Par jugement du 14 mai 2024, le tribunal judiciaire d'Ajaccio a :

« DÉBOUTÉ M. [E] [X] de sa demande de sursis à statuer,

CONDAMNE M. [E] [X] et M. [J] [X] à payer au syndicat des copropriétaires de l'ensemble immobilier dénommé Résidence [9], les sommes de :

- 12 918,50 € au titre des charges et appels de fonds non honorés au18 octobre 2.023 au titre des lots 435, 18, 304 et 399,

- 7 442,97 € au titre des charges et appels de fonds non honorés au 26 novembre 2023 au titre des lots 482, 14 et 372.

DIT que ces sommes porteront intérêts au taux légal à compter de l'assignation,

DIT que les intérêts dus au moins pour une année entière à compter de la présente décision

produiront intérêts,

REJETÉ la demande de dommages et intérêts,

REJETÉ la demande au titre des frais d'huissier formulée par le syndicat des copropriétaires de l'ensemble immobilier dénommé Résidence [9],

CONDAMNÉ M. [E] [X] et M. [J] [X] à payer au syndicat des copropriétaires de l'ensemble immobilier dénommé Résidence [9] la somme de 1 000 € au titre de l'article 700 du Code de procédure civile,

CONDAMNÉ M. [E] [X] et M. [J] [X] aux dépens de l'instance,

ORDONNÉ que les frais afférents de la présente instance soient exclusivement mis la charge de M. [E] [X] et M. [J] [X] conformément aux dispositions de l'article 10-1 de la loi du 10 juillet 1965 ;

RAPPELÉ que la présente décision bénéficie de l'exécution provisoire ».
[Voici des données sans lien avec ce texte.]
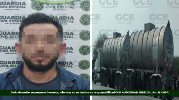 Adicionalmente, la División Caminos de la GCE detuvo a Omelio "N", de 35 años de edad, a la altura del municipio de Villa Hidalgo, quien conducía un tractocamión marca Kenworth, acoplado a dos autotanques cargados con aproximadamente 66,000 litros de hidrocarburo, del que no pudo comprobar su procedencia legal.
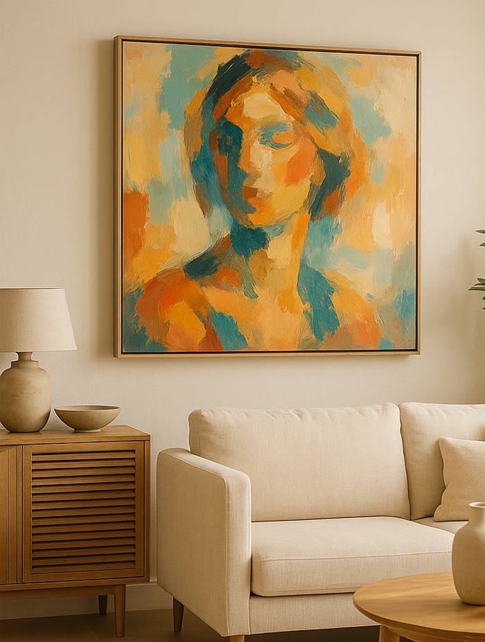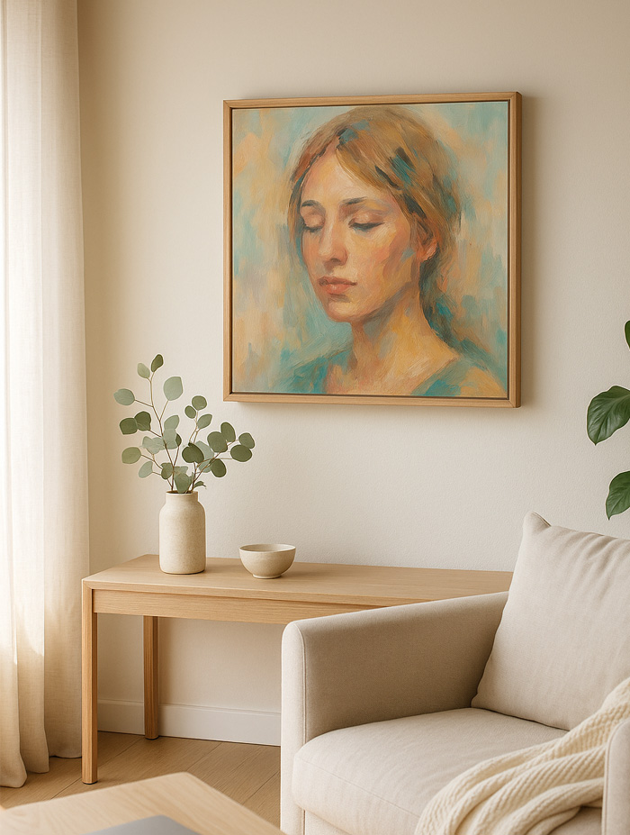 Geen twee SoulFrames zijn ooit hetzelfde. We vertrekken altijd vanuit jouw foto, jouw verhaal, jouw gevoel en laten dat de richting bepalen van kleuren, vormen en textuur. Soms zacht en ingetogen, soms vol licht en energie, maar altijd met respect voor wat het beeld vertelt.
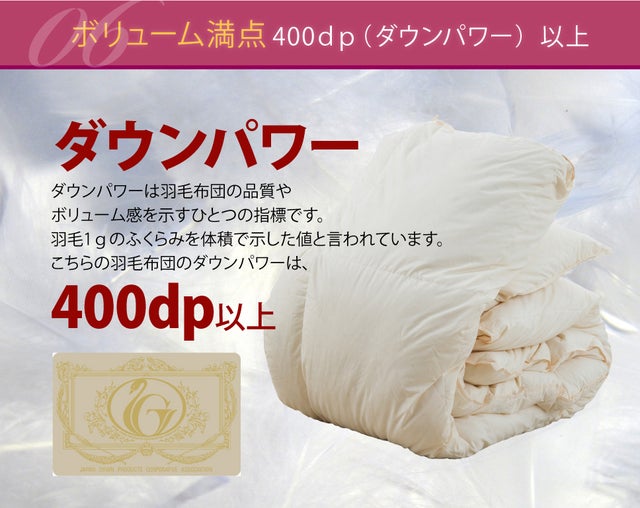 ブルガリア産のホワイトダックダウン93%は、ボリューム満点の400dp(ダウンパワー)以上となっております。
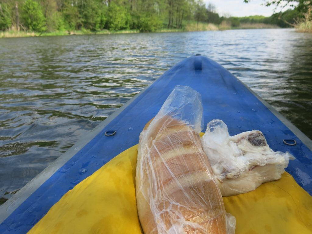 По маршруту р Рось. Первый день вышли на воду в 14:30, последний пятый день пристали чуть раньше 12:00. Туда и обратно добирались частными мелкими маршрутками. Все таки два рюкзака на двоих + упаковка с веслами, сильно упрощает доезды.
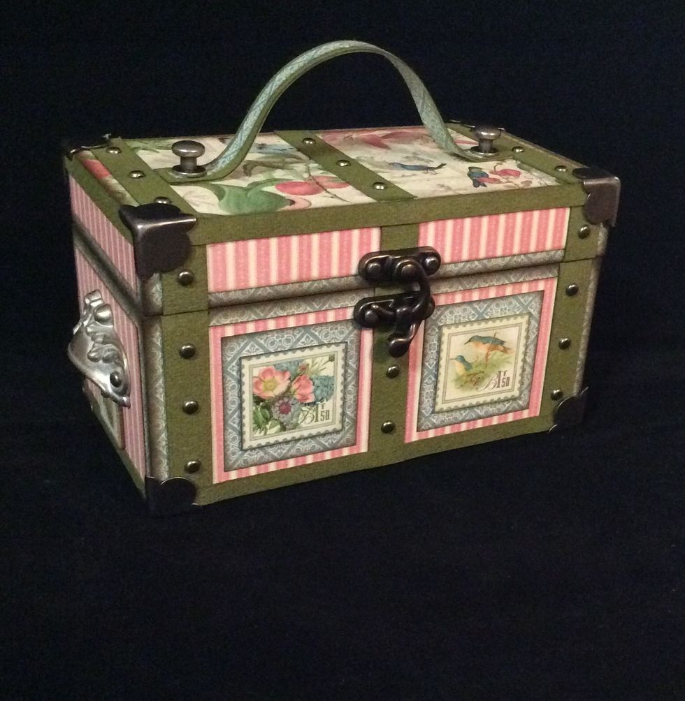 Attach metal embellishments and hinges to back of trunk as pictured.
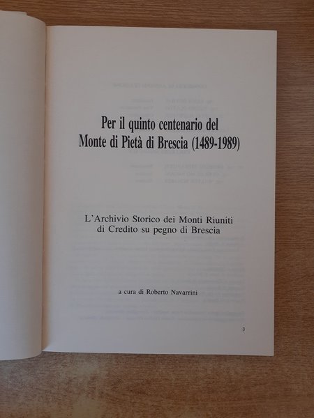 Per il quinto centenario del Monte di Pietà di Brescia (1489-1989)
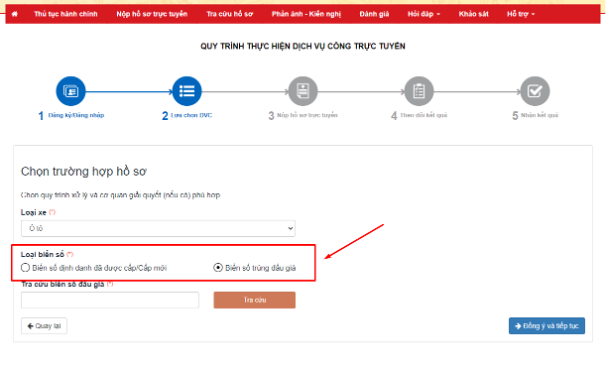 Tra cứu biển số trúng đấu giá: Đối với trường hợp đăng ký cấp biển số mới là biển số trúng đấu giá, công dân thực hiện nhập biển số trúng đấu giá và tra cứu.
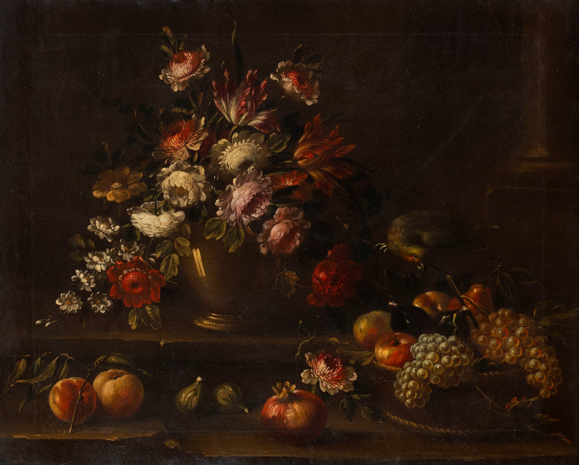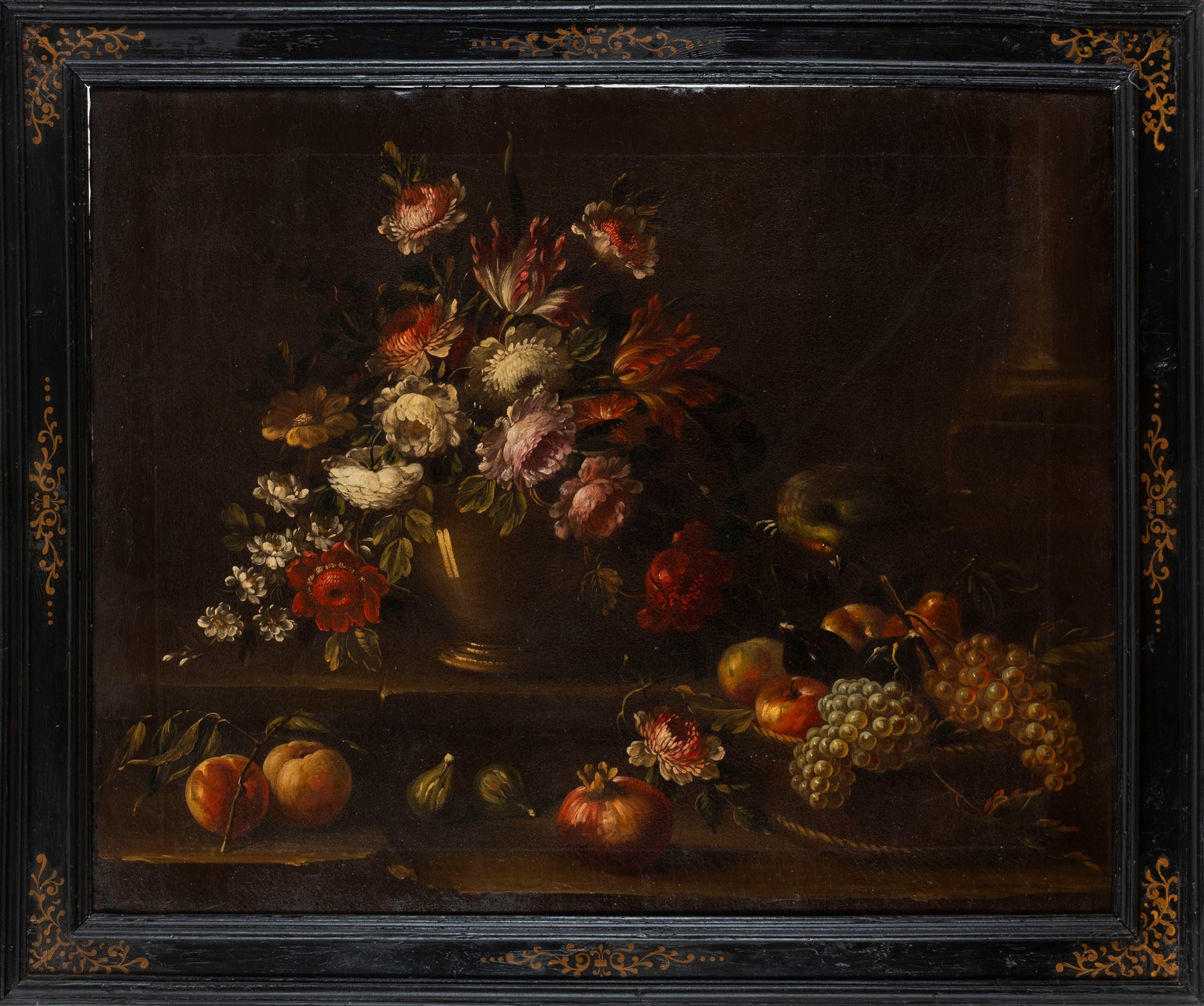 Scuola italiana, secolo XVIII - Rose, tulipani e altri fiori in un vaso, frutta su un piano con pappagallo
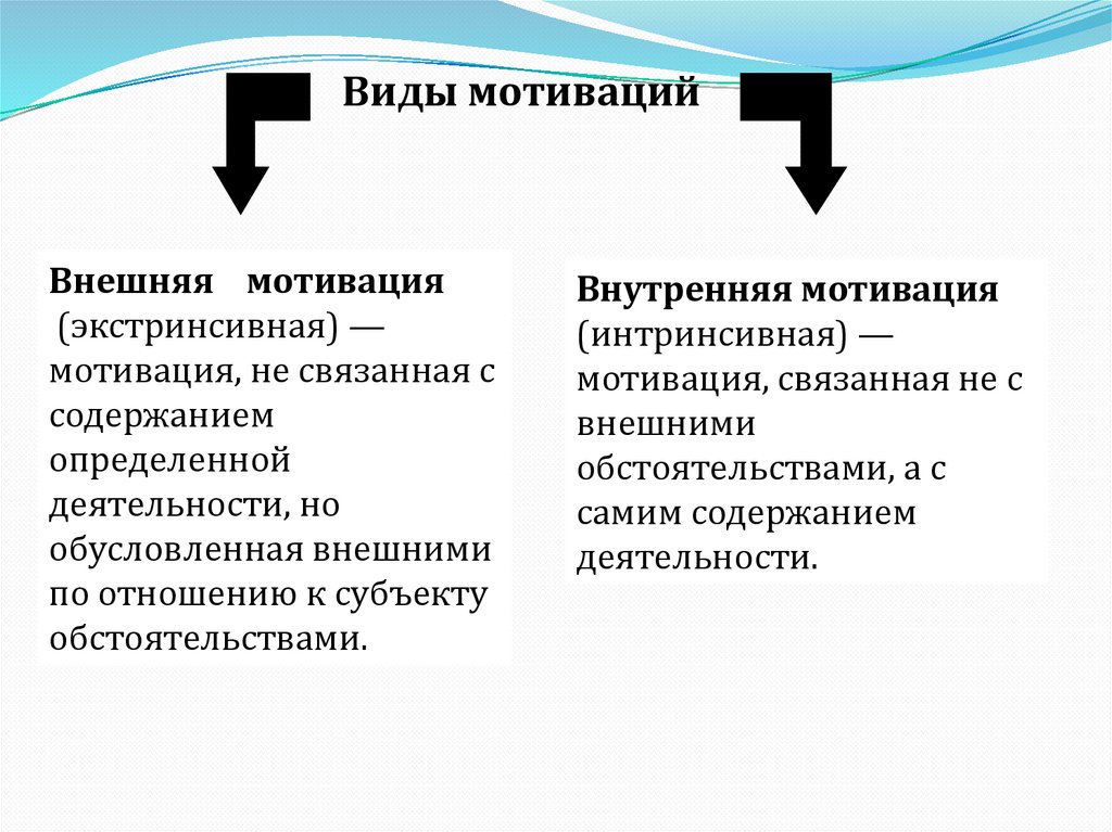 Виды мотивацийВнешняя мотивация
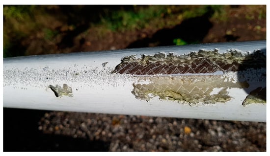 With a view on repair procedures, wind turbine blade damage is classified as: (a) surface erosion, (b) non-structural damage, and delaminations (b) and (c) structural damage, with fiber failure [61,62,70]. The surface erosion is caused by fatigue from repeated rain drop and hail impacts, causing surface microcracks, leading to pits, gouges, delaminations, and surface roughness, which in turn reduces the energy production of the wind turbine [71,72]. The surface roughening has also an effect on the wind turbine noise [73,74]. Eroded blades increase dramatically the noise generation [75]. Figure 3 shows a photo of an eroded blade.
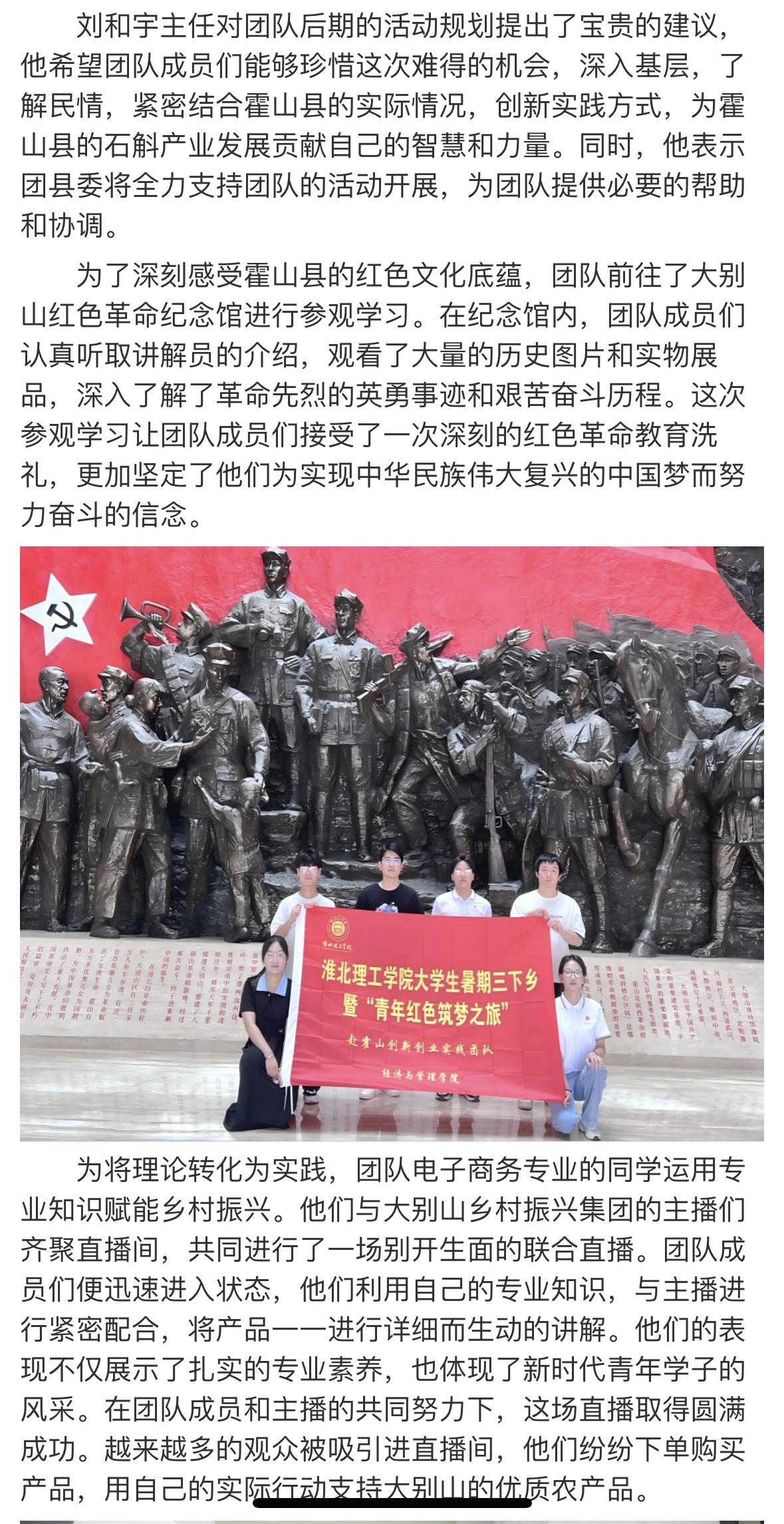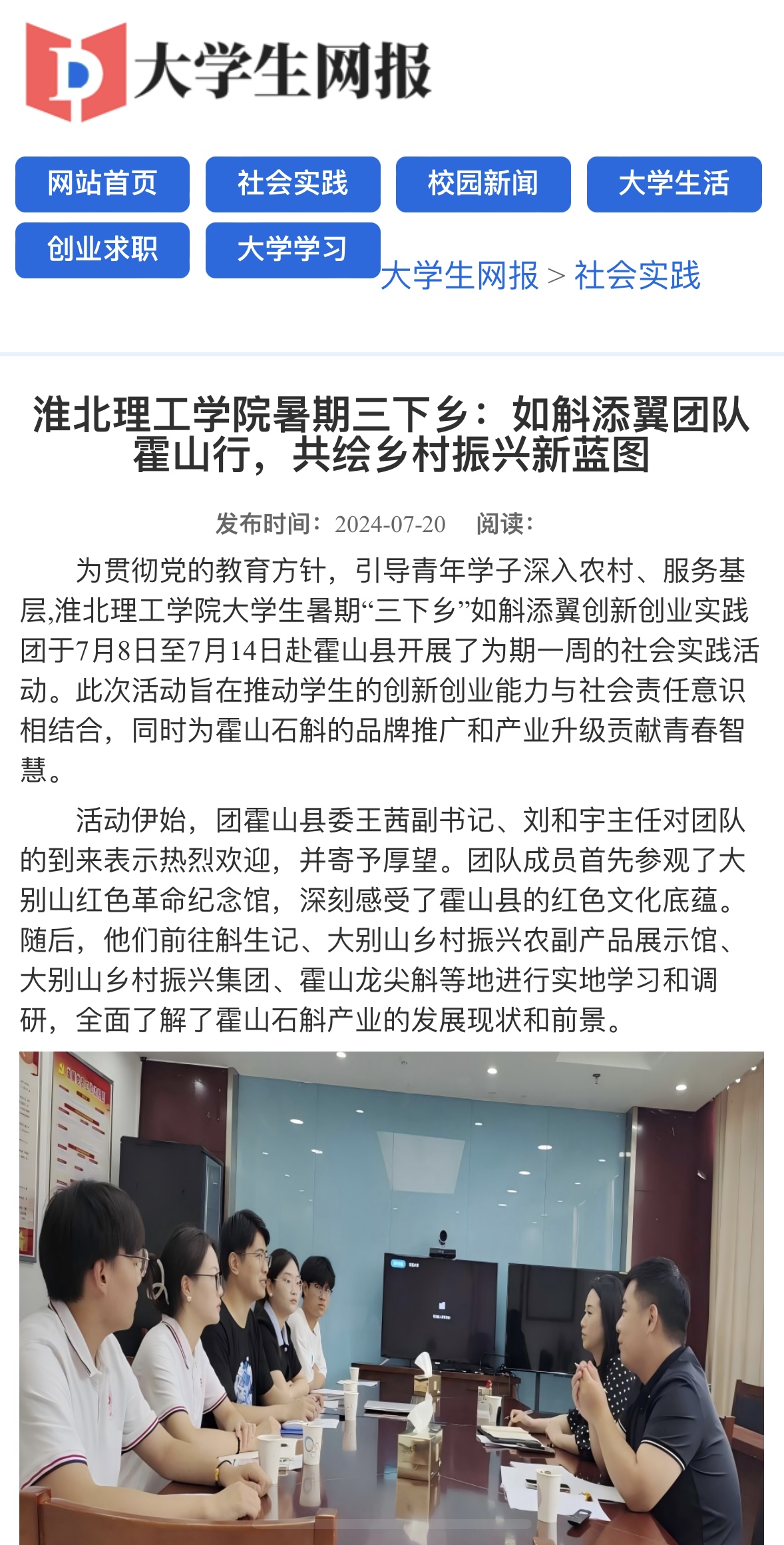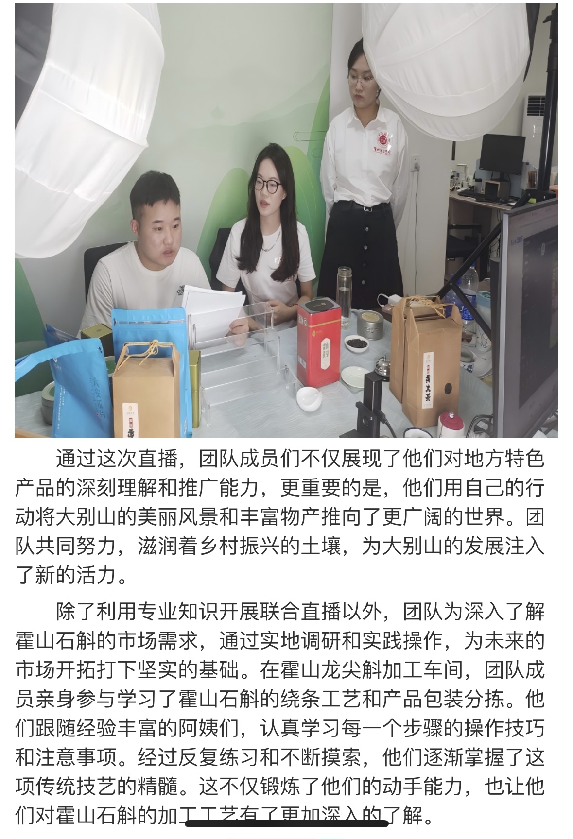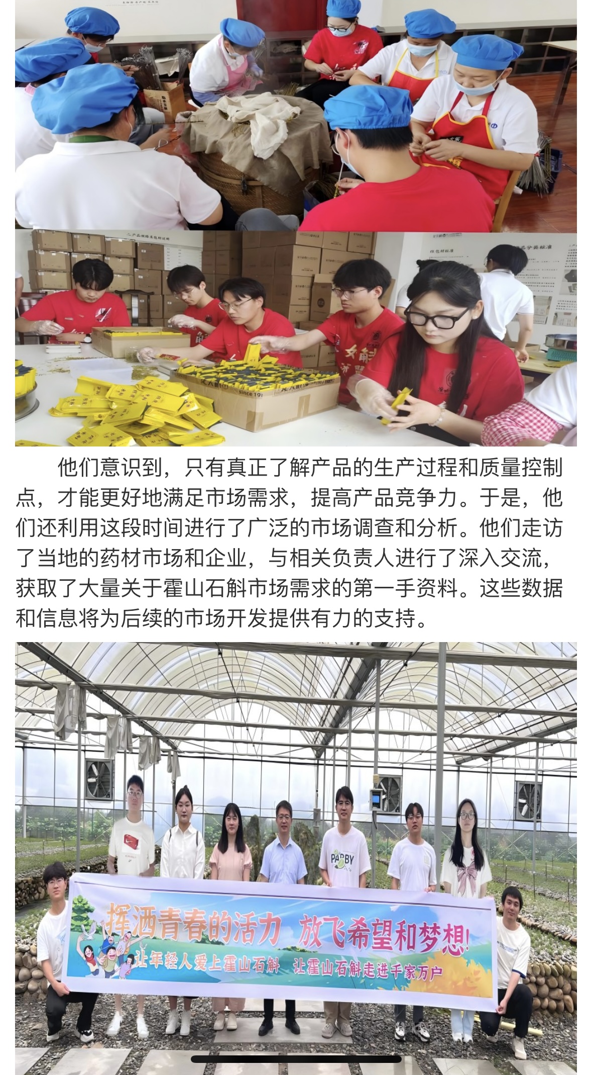 为贯彻党的教育方针,引导青年学子深入农村、服务基层,beat365唯一官方网站大学生暑期“三下乡”如斛添翼创新创业实践团于7月8日至7月14日赴霍山县开展了为期一周的社会实践活动。此次活动旨在推动学生的创新创业能力与社会责任意识相结合,同时为霍山石斛的品牌推广和产业升级贡献青春智慧。对此,大学生网报进行了报道:
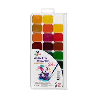 Акварельные медовые полусухие краски в пластмассовой упаковке с прозрачной крышкой .Используются для детского творчества, а также для художественных, оформительских и декоративно-прикладных работ.Акварель обладает следующими потребительскими свойствами:·чистые, яркие цвета ·прозрачность ·хорошая размываемость и разносимость ·легкая наполняемость кисти ·краски смешиваются между собой, сохраняя насыщенность цвета ·абсолютно безвредны, соответствуют международным стандартам безопасности ·срок годности не ограничен.
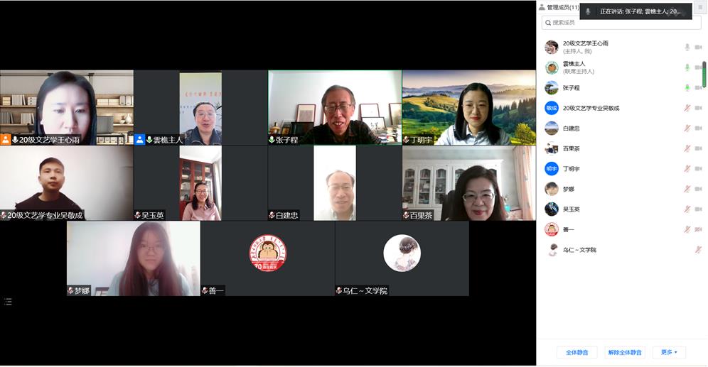 2022年4月24日上午,今年会官网文艺学专业硕士研究生课题论证会在腾讯会议举行。文艺学专业研究生导师万奇教授,白建忠教授,张树天教授,郭培筠教授,张子程教授,吴玉英副教授,以及本专业20级、21级研究生参加了论证会。会议由学位点主任万奇教授主持。2020级文艺学王心雨、梦娜、丁明宇、吴敬成4位同学依次做了开题报告,分别介绍了选题背景,选题研究价值,研究现状,研究思路方法和研究的具体内容、创新点等。各位导师针对每位研究生的开题报告做了全方位的细致点评。本次论证会是对2020级学生学习成果的检验,也是文艺学专业良好学风的体现。
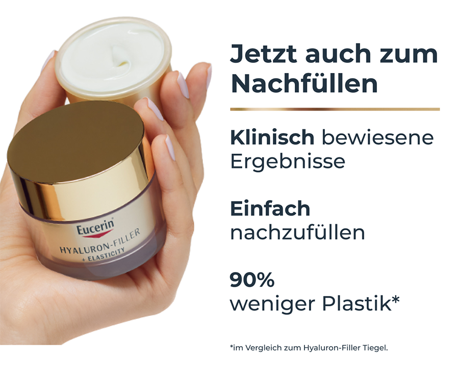 Die Nachfüllkapsel ist mit allen Eucerin-Tiegeln kompatibel und reduziert den Plastikverbrauch um 90 %.

Par déclaration du 11 juin 2024, M. [E] [X] a interjeté appel du jugement prononcé par le tribunal judiciaire d'Ajaccio en ce qu'il a :

« débouté Monsieur [E] [X] de sa demande de sursis à statuer,

condamné Monsieur [E] [X] et Monsieur [J] [X] à payer au syndicat des copropriétaires de l'ensemble immobilier dénommée Résidence [9] les sommes de 12 918.50 Euros au titre des charges et appels de fonds non honorés au 18/10/2023 au titre des lots 435.18.304 et 399, les sommes de 7 442.97 Euros au titre

des charges et appels de fonds non honorés au 20/11/2023 au titre des lots 482.14 et 372,

dit que ces sommes porteront intérêts au taux légal à compter de l'assignation, disent que les intérêts dus au moins pour une année entière à compter de la présente décision produiront intérêts, rejettent la demande de dommages et intérêts,

condamné Monsieur [X] [E] et [J] [X] à payer au syndicat des copropriétaires la somme de 1 000 Euros au titre de l'article 700 du cpc,

condamné Monsieur [X] [E] et [J] [X] aux entiers dépens,

ordonné que les frais afférents à la présente instance soient exclusivement mis à la charge de Monsieur [X] [E] et [J] ».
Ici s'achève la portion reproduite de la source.